Between milkings, each cow is located in her own pasture, though some pastures have no cows in them. Each pasture is connected by a path to one or more other pastures (potentially including itself). Sometimes, two (potentially self-same) pastures are connected by more than one path. One or more of the pastures has a path to the barn. Thus, all cows have a path to the barn and they always know the shortest path. Of course, cows can go either direction on a path and they all walk at the same speed.

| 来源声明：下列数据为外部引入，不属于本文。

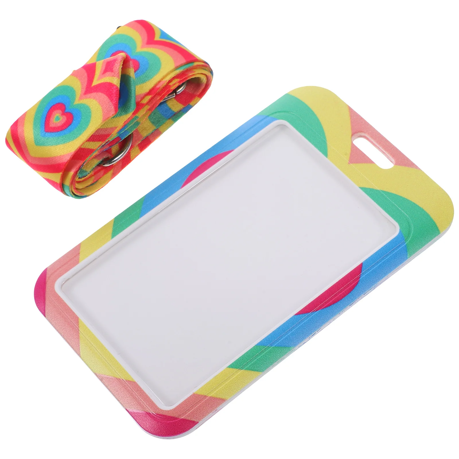 1Set Badge Holder Lanyard Card Sleeve Polyester Plastic Multifunctional Id Card Protector for Students Teachers
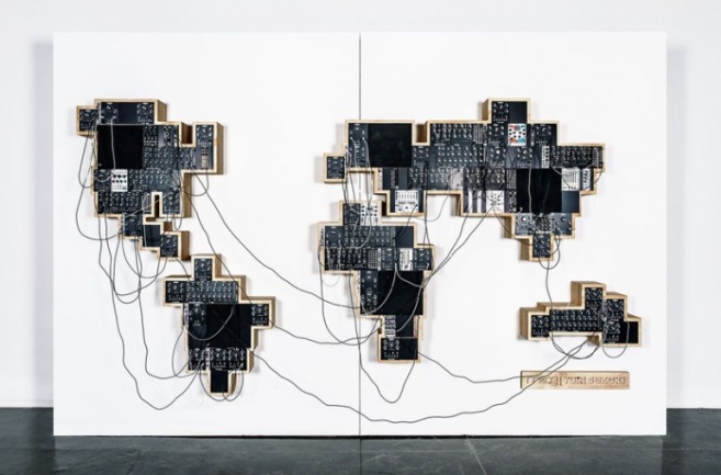 Se trata de un sintetizador modular acoplado en la pared simulando la estructura de un mapamundi, incluyendo diversos módulos, en su mayoría Moog –algunos de hecho muy recientes como Geodesic Sampler o Geospatial Reverb– aunque también se dejan ver de otras marcas como un generador de envolvente o un filtro multibanda espectral de 4ms o el módulo Clouds de Mutable Instruments. En total se hallan treinta samplers, diez reverbs, cinco secuenciadores y cuatro módulos de síntesis, todos distribuidos en diferentes países o continentes.
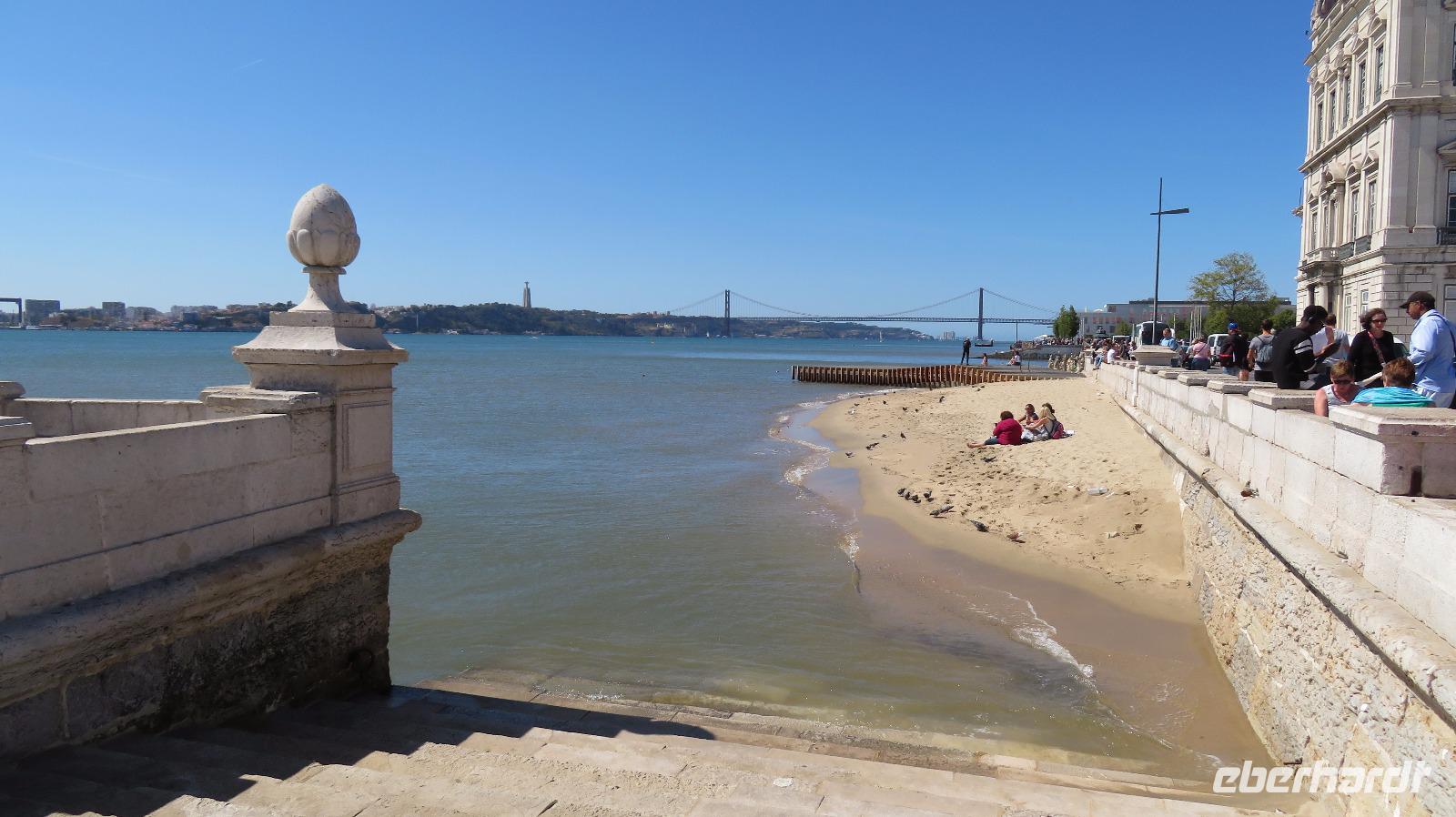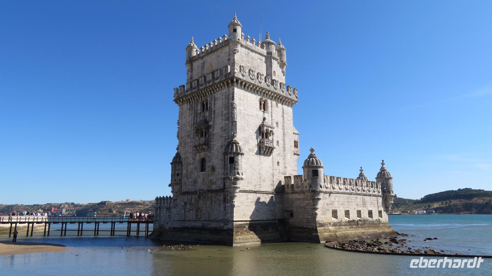 Am Torre de Belem an der Tejomündung unser nächster Stopp, eines der bekanntesten Wahrzeichen Lissabons. Der Turm wurde 1515 ebenfalls von König Manuel I. in Auftrag gegeben und im Jahre 1521 eröffnet.
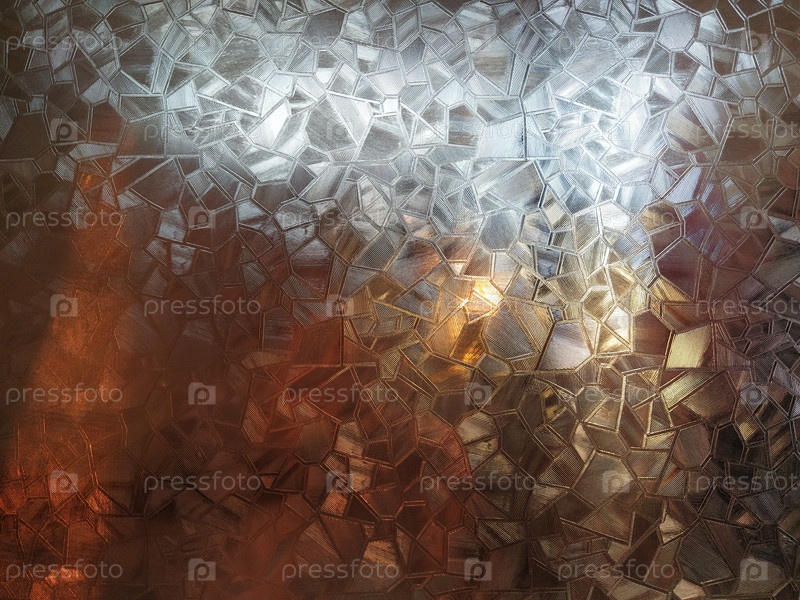 Рифленое стекло с подсветкой. Красивое преломление света в красном, коричневом, желтом, оранжевом и черном цветах. Абстрактный фон для самоклеящихся пленок. Рифленая стеклянная поверхность

The pastures are labeled `a'..`z' and `A'..`Y'. One cow is in each pasture labeled with a capital letter. No cow is in a pasture labeled with a lower case letter. The barn's label is `Z'; no cows are in the barn, though.
PROGRAM NAME: comehome
INPUT FORMAT
| Line 1: | Integer P (1 <= P <= 10000) the number of paths that interconnect the pastures (and the barn) |
| Line 2..P+1: | Space separated, two letters and an integer: the names of the interconnected pastures/barn and the distance between them (1 <= distance <= 1000) |
SAMPLE INPUT (file comehome.in)
5 A d 6 B d 3 C e 9 d Z 8 e Z 3
OUTPUT FORMAT
A single line containing two items: the capital letter name of the pasture of the cow that arrives first back at the barn, the length of the path followed by that cow.
SAMPLE OUTPUT (file comehome.out)
B 11
(感谢万能的度娘)
这道题是图论的经典题之一,貌似可以使用dijkstra,但是对三重循环深爱的我果断用了floyed。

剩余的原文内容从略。